Khikmawan Santosa selalu muncul sebagai nomine Penata Suara Terbaik sejak 2007. Sedangkan Satrio Budiono selalu menjadi nomine sejak 2004, kecuali pada 2006. Meski begitu Satrio Budiono tahun ini memecahkan rekor sebagai nomine terbanyak untuk kategori Penata Suara sepanjang sejarah FFI. Ia telah 21 kali menjadi nomine, melampaui Idris Sardi yang sudah dua puluh kali menjadi nomine.

Khikmawan Santosa dan Satrio Budiono masing-masing sudah tiga kali menang Piala Citra. Khikmawan Santosa melalui Ruma Maida pada 2009, Sang Kiai pada 2013, dan A Copy of My Mind pada 2015. Sementara Satrio Budiono melalui Eliana, Eliana pada 2004, May pada 2008, dan Rumah di Seribu Ombak pada 2012.

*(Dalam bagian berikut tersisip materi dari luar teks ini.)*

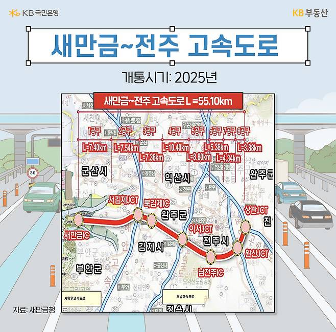 새만금~전주 고속도로도 올해 개통 예정입니다. 약 55㎞ 길이의 왕복 4차선 고속도로로, 개통 후 두 지역 간 이동시간은 기존 76분에서 33분으로 단축될 것으로 보입니다.
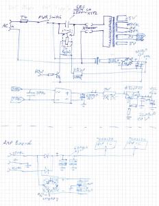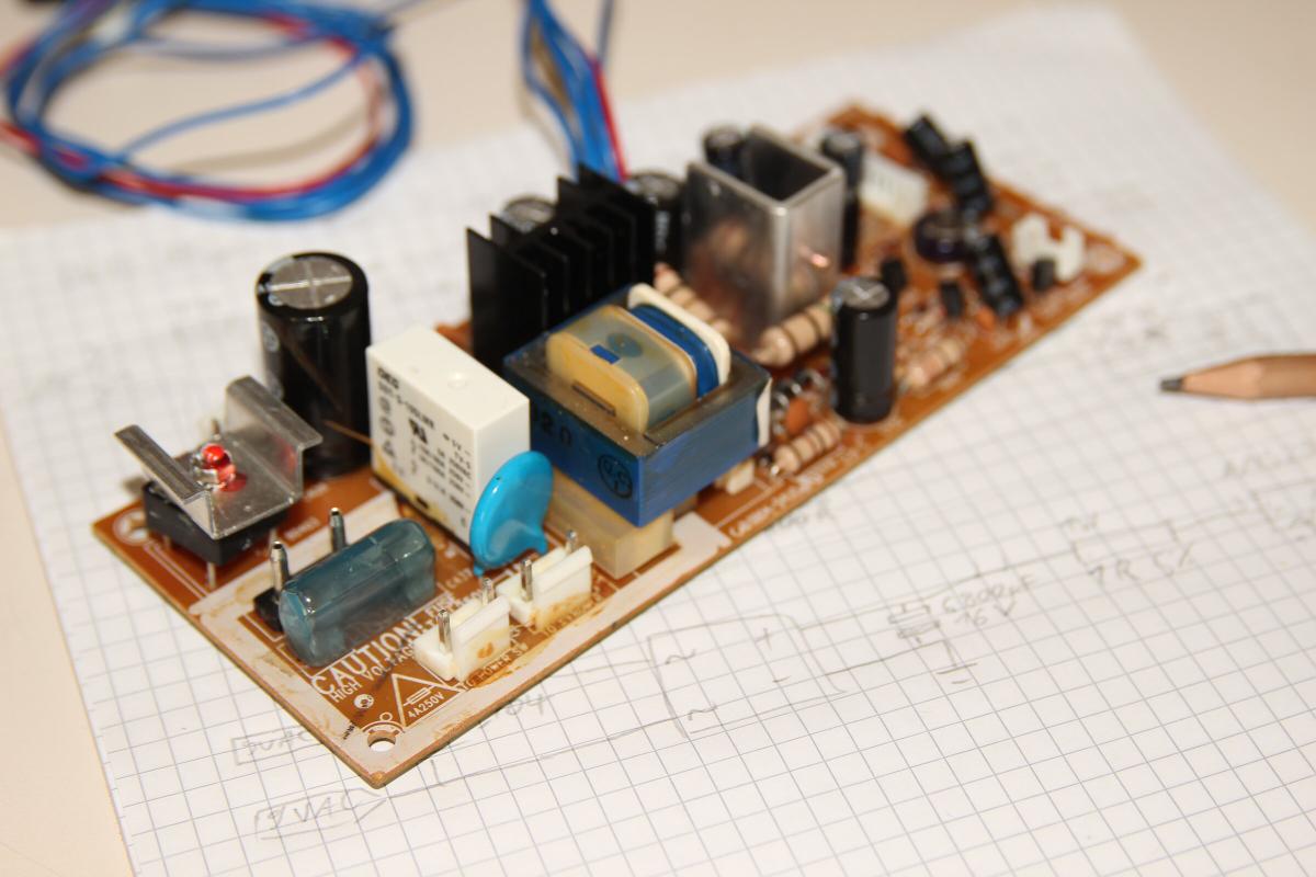 Diesen habe ich aus einem defekten DVD-Player mit 5.1 Verärker ausgeschlachtet. Das erste Bild zeigt eine der Platinen aus dem DVD-Player, die mit dem Trafo was zu tun hatten. Darauf ist ein Einschaltstrombegrenzer zu finden, da größere Ringkerntrafos schonmal damit Probleme machen. Desshalb habe ich den relevanten Teil der Platine nachgezeichnet und versucht ähnlich umzusetzen. Irgendwas wird der Hersteller sich ja schon dabei gedacht haben.
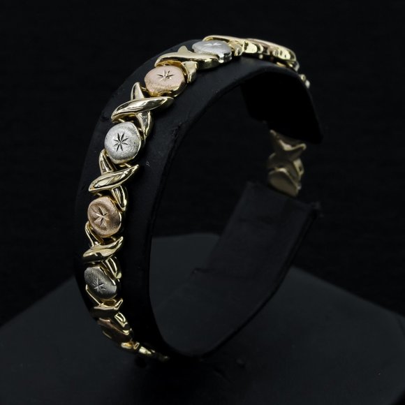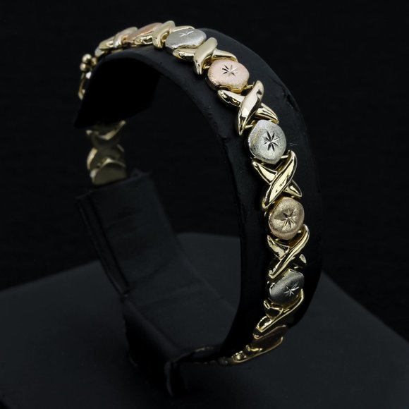14K Tri-Color Gold “XOXO” Link Bracelet
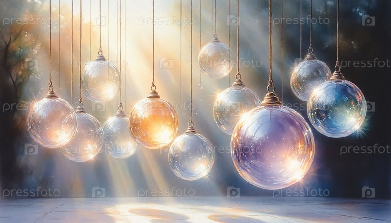 Деликатные стеклянные рождественские шары на струнах
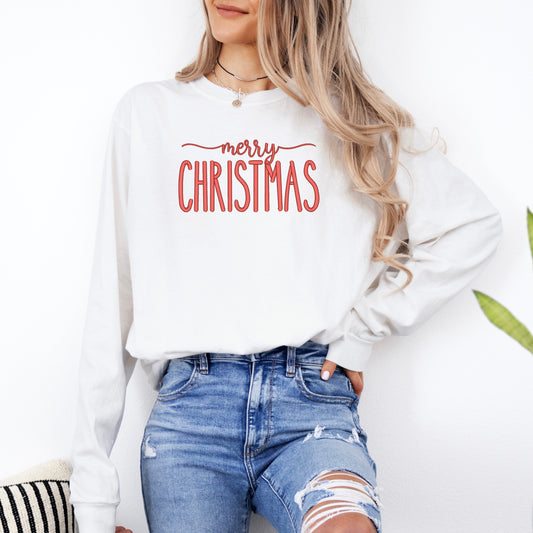 Embroidered Merry Christmas | Garment Dyed Long Sleeve

Pemenang terbanyak masihlah dipegang oleh Adityawan Susanto dan Suparman Sidik. Masing-masing sudah empat kali menang Piala Citra. Adityawan Susanto melalui Eliana, Eliana pada 2004, Nagabonar Jadi 2 pada 2007, Alangkah Lucunya (Negeri Ini) pada 2010, dan Masih Bukan Cinta Biasa pada 2011. Sementara Suparman Sidik melalui Perkawinan pada 1973, Badai Pasti Berlalu pada 1978, Si Ronda Macan Betawi pada 1979, dan Kabut Sutra Ungu pada 1980.

Pengarah Sinematografi

Ipung Rachmat Syaiful sudah sembilan kali menjadi nomine Pengarah Sinematografi Terbaik, termasuk pada FFI tahun ini. Rekor yang sama turut dipegang oleh M Soleh Ruslani dan Yudi Datau. Ipung Rachmat Syaiful jugalah sinematografer dengan Piala Citra terbanyak. Ia empat kali menang Piala Citra melalui Mengejar Matahari pada 2004, Kala pada 2007, Pintu Terlarang pada 2009, dan Guru Bangsa Tjokroaminoto pada 2015. Jumlah Piala Citra yang sama turut dimenangkan oleh Lukman Hakim Nain, Sjamsuddin Jusuf, dan Yudi Datau.

Prestasi unik dipegang oleh George Kamarullah. Sebelum dikenal sebagai sinematografer, beliau berprofesi sebagai penyunting gambar. Menariknya setiap kali jadi nomine, baik sebagai Penyunting Gambar maupun Pengarah Sinematografi, George Kamarullah hampir selalu membawa pulang Piala Citra. Satu-satunya film beliau yang tidak menang hanyalah Selamat Tinggal Jeanette pada 1988, itu juga karena kalah oleh filmnya sendiri, Tjoet Nja Dhien.